Despite its small size, the section devoted to Kahlo in San Francisco includes treasures such as the rarely seen Portrait of Mrs. Jean Wight (1931; Collection of Gretchen and John Berggruen), presenting the wife of sculptor Clifford Wight with cropped blond hair and jade green eyes that match a drawn curtain in the painting’s background, pulled back to reveal the urban landscape of San Francisco. As the opening text discloses, Kahlo’s time in San Francisco was transformative, both personally and professionally. Kahlo had never left Mexico before traveling to California, and in San Francisco she started to paint seriously. This is demonstrated by Kahlo’s portraits of Wight and Eloesser, as well as her self-portrait, Frieda and Diego Rivera, in which she “painted her Tehuana self for the first time.”5 Despite its significance, Appearances Can Be Deceiving neglects to contextualize much of Kahlo’s San Francisco period. For instance, Clifford Wight met Rivera in Mexico in 1922; followed him to San Francisco; created four murals inspired by Rivera inside the San Francisco landmark building, Coit Tower (Cowboy, Steelworker, Surveyor, and Farmer; the last of which is thought to be a portrait of the artists’ mutual friend Ralph Stackpole, who helped to secure Rivera’s San Francisco commissions); and is just one of many individuals who represent cultural exchange between Mexican and San Franciscan artists in the 1920s and 1930s.6 No doubt this connection impacted the reception of Kahlo and Rivera in San Francisco. One can only hope these relationships will be addressed in SFMOMA’s upcoming exhibition, Diego Rivera’s America, which is scheduled to open in 2022.

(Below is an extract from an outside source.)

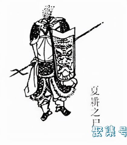 《山海经·大荒西经》有人无首,操戈盾立,名曰夏耕之尸。故成汤伐夏桀于章山,克之,斩耕厥前。耕既立,无首,走厥咎,乃降于巫山。

While the exhibition may leave visitors wanting to know more about Kahlo’s time in San Francisco, the de Young catalogue, Frida Kahlo and San Francisco: Constructing Her Identity, which serves as a supplement to the V&A catalogue, Frida Kahlo: Making Her Self Up, satisfies this desire. Photographs taken by San Francisco artists Edward Weston and Imogen Cunningham, Diego Rivera and Frida Kahlo (1931; Center for Creative Photography), and Frida Kahlo (1931; Center for Creative Photography), are shown on the walls of the exhibition’s closing gallery without any elaboration; however, Ankori offers insights into the portraits in her essay “Frida Kahlo in San Francisco.” Ankori argues, “In San Francisco, Kahlo had the opportunity to hone the skills she had acquired as a photographer’s daughter.”7 As a subject of the photographs by Cunningham and Weston, Kahlo embraced “her native costumes and sartorial flair,” which later found its way into her self-portraits.8 Some may argue that Kahlo has received more than her fair share of exhibitions, but Frida Kahlo and San Francisco: Constructing Her Identity reveals the potential for an exhibition that exclusively considers Kahlo’s time in San Francisco.9
Cite this article: Berit Potter, review of Frida Kahlo: Appearances Can Be Deceiving, de Young Memorial Museum, Panorama: Journal of the Association of Historians of American Art 7, no. 1 (Spring 2021), https://doi.org/10.24926/24716839.11882.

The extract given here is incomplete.